Instructions for the task: Print nothing except the lines of the listing below from the line with "DUCK CONFIT Crispy" to the line with "Listening visit with", each exactly as written, both ends included.

----- Exercise data -----

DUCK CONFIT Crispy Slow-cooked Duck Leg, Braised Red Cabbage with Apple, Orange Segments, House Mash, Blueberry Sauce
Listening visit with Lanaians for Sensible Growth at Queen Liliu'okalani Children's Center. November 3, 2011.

-----
----- Exercise data -----

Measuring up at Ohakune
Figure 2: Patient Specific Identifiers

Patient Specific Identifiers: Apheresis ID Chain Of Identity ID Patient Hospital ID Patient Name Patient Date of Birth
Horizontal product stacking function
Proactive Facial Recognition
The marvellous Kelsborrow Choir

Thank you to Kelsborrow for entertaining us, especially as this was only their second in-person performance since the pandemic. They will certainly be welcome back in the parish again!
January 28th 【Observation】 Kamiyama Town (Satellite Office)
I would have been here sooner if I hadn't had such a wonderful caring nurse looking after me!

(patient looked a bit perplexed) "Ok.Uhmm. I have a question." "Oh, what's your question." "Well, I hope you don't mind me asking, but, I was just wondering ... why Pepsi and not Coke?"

-----
----- Exercise data -----

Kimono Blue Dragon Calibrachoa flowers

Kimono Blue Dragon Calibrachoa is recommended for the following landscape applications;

-----

Task output:
DUCK CONFIT Crispy Slow-cooked Duck Leg, Braised Red Cabbage with Apple, Orange Segments, House Mash, Blueberry Sauce
Listening visit with Lanaians for Sensible Growth at Queen Liliu'okalani Children's Center. November 3, 2011.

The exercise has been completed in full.